Köpekler, insanlardan 15 kat, kediler ise 45 kat daha fazla üreyebilme yeteneğine sahip canlılardır. Bu
durumda, sahip olduğunuz kısırlaştırılmamış kedi ya da köpekleriniz hızla çoğalacak, onlara sağlayabileceğiniz sağlıklı ve kaliteli bir yaşam şansı ise azalacaktır. Unutmamalıyız ki kedi ve köpeklerimiz, iyi şartlarda yaşayabilmek için insanlara ihtiyaç duyarlar. Bu şartların sağlanabilmesi ise üreme hızlarının önüne geçilebilmesi, yani kısırlaştırılmaları ile mümkündür.
Dişi kedi ve köpekler, genellikle en erken altı aylık olduklarında çiftleşebilir ve hamile kalabilirler. Dişi bir kedi, yılda dört kez kızgınlığa girebilir ve bu durum hem kedi hem de sahibi için oldukça rahatsız edici olabilir. Dişi köpekler ise yılda iki kez kızgınlık dönemi geçirirler. Dişi kedi ve köpekler işte bu kızgınlık dönemlerinde erkeğin dikkatini çekmek amacıyla kokular yayabilir ve eşleşmek için kaçmaya dahi çalışabilirler. Erkek sokak köpekleri, kızgınlıkta olan bir dişi ev köpeğinin bulunduğu bölgede kavga edebilir, iz bırakmak amacıyla evin kapısına-yakınına idrar yapabilirler. Gebe kaldıkları takdirde dişi kediler 2 ila 10, köpekler ise 2 ila 20 yavru doğurabilirler. Her bir bebeğe uygun sahiplerin bulunması ve anne de dâhil olmak üzere yeniden oluşabilecek gebeliklerin önüne geçilebilmesi için hepsinin kısırlaştırılması gerekecektir. Erkek kedi ve köpekler yaklaşık altı aylıkken eşleşebilirler. Dişiler gibi belirli kızgınlık dönemleri yoktur. Kızgınlıkta bir dişi olduğu sürece yılın her anı veya döneminde eşleşebilirler. Altı aylık dönemde ergenlik dönemine giren erkek kedi ve köpeklerde, hormonlara bağlı olarak hayat boyu sürebilen, alışkanlıklar hâline dahi gelebilecek bazı davranış problemlerinin başlangıcı sık görülmektedir. Yaşam alanlarını işaretlemek için, evin içine kötü kokulu idrar yapabilirler. Bazılarında ise aşırı baskın veya agresif davranışlar görülebilir. Kızgınlık dönemindeki bir dişi arayışı için evden kaçabilirler.

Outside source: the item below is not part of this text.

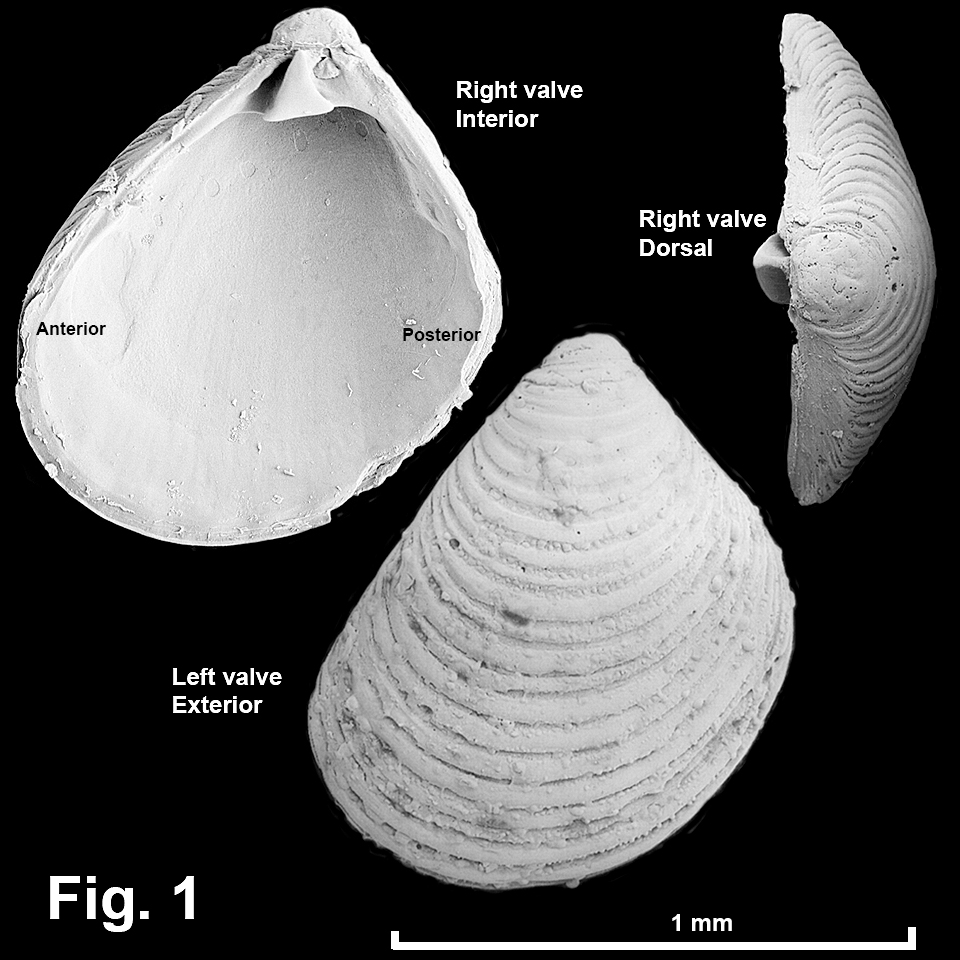 Warrana minuta (Laseron, 1953) Description: Shell minute. Prodissoconch relatively large, domed, smooth with thickened rim. Shape triangular dorsally, semicircular ventrally, higher than wide, umbo posterior to midline. Anterodorsal margin straight to weakly convex, posteodorsal straight to weakly concave. Escutcheon and lunule wide. Exterior with 17-19 strong, wide commarginal ribs. Interior smooth, margin smooth. Hinge strong. Ligament internal. Shell translucent to opaque white. Size: Up to 0.96 mm in length. Distribution: From Port Curtis, Qld, southwards to Cronulla, Sydney, NSW. Habitat: Known from beach washup and down to 210 m depth. The AMS collection holds hold 22 lots, suggesting this species is only moderately common. Comparison: This species is characterised by its very small size – always less than 1 mm in length – and strong, coarse commarginal ribs. Synonymy: None. Fig. 1: Interior: Off Balmoral, NSW (C.406441). Exterior: Narrabeen Beach, NSW (C.90556 SYNTYPE). Right valve dorsal: Off Balmoral, NSW (C. 406441). SEM images by Peter Middelfart, Australian Museum. |

Diğer bir açıdan bakıldığında, kısırlaştırılmayan kedi ve köpekler cinsel dürtüleri sebebiyle birçok kazaya maruz kalabilirler. Kliniğimize trafik kazası veya camdan-balkondan düşme olayları ile gelen kedi ve köpeklerin yaklaşık yüzde seksenini kısırlaştırılmamış kedi ve köpekler oluşturmaktadır.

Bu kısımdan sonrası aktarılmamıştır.